Replacing a Disk

This procedure describes how to replace a failed disk in a StoredSafe appliance. When a disk malfunctions or fails, a red banner appears in the Web GUI with a link to the status page. On the physical appliance, the affected disk is also marked by a red indicator light. These indicators may not always appear at the same moment, but both refer to the same underlying disk failure.

To replace the disk, follow these steps:

Logon on the StoredSafe server console as storedsafe and spawn a root shell.
Use the megacli or storcli tool located in /opt/storedsafe/bin to identify the failed disk and mark it as offline, missing and ready for removal.
Physically replace the failed disk with a new one of the same or larger capacity.
Use the megacli or storcli tool to verify that the new disk is recognized by the system.
Use the megacli or storcli tool to mark the new disk as online.
Wait for the RAID array to rebuild. This may take several hours depending on the size of the disks and the load on the system. The RAID array remains usable during the rebuild, but expect reduced performance until the process is complete.
Verify that the RAID array is healthy after the rebuild process is complete.
Exit the root shell and log out from the StoredSafe server console.
Verify in the Web GUI that the disk replacement was successful and that there are no warnings.

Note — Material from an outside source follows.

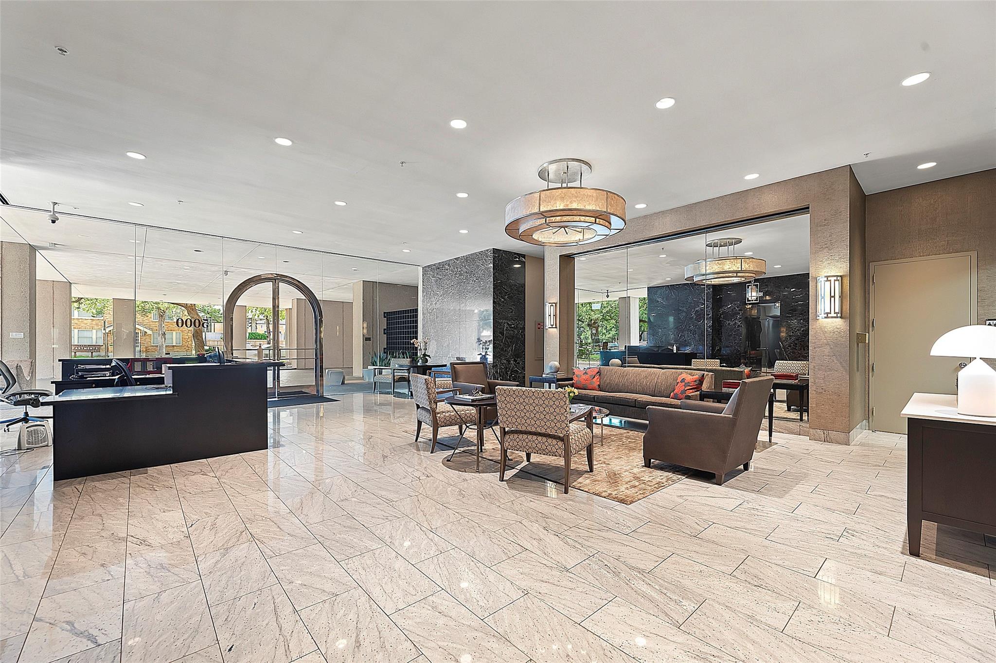 This amazing opportunity in the prestigious & sought after 5000 Montrose. Wonderful 2/2 Exceptional light-filled home with incredible UNOBSTRUCTED view. This 1-bedroom 1 bath in one of Houston's most desirable buildings, Unobstructed views from every room. Stained concrete floors and new neutral paint. Kitchen offers updated kitchen, concrete counters, all appliances. Spacious Primary Suite with full wall of closet. The Private balcony with amazing unobstructed 16th floor views has entry from living. Unbeatable location, in the heart of the Museum District. Owner paid Elevator Assessmt. Just steps from Houston Museum of Fine Arts, Contemporary Arts Museum, Jung Center, Glassell School of Art, Rice, Texas Medical Center. Gated parking. 24/7 CONCIERGE/ Porter/Valet, swimming pool/hot tub, area w/grills,Fitness center,party room,large pet-friendly area, ONSUTE EV CHARGING AVAILABLE, SEE VIRTUAL TOUR, info per Seller.

Here is an example of how to perform these steps using the MegaCli tool:

┌────────────────────────────────────────────────────────────────────────────┐
│              System Settings on node1 (Version X.X.X build XXXX)           │
└────────────────────────────────────────────────────────────────────────────┘

┌─┬──────────────────────────────────────────────────────────────────────────┐
│1│Network Settings                                                          │
│2│GUI Settings                                                              │
│3│Backup Management                                                         │
│4│Storage Management                                                        │
│5│Service Management                                                        │
│6│Firmware Management                                                       │
│7│Database Maintenance                                                      │
│8│Appliance Management                                                      │
└─┴──────────────────────────────────────────────────────────────────────────┘

Move the cursor or enter a it's corresponding number (Q to Quit)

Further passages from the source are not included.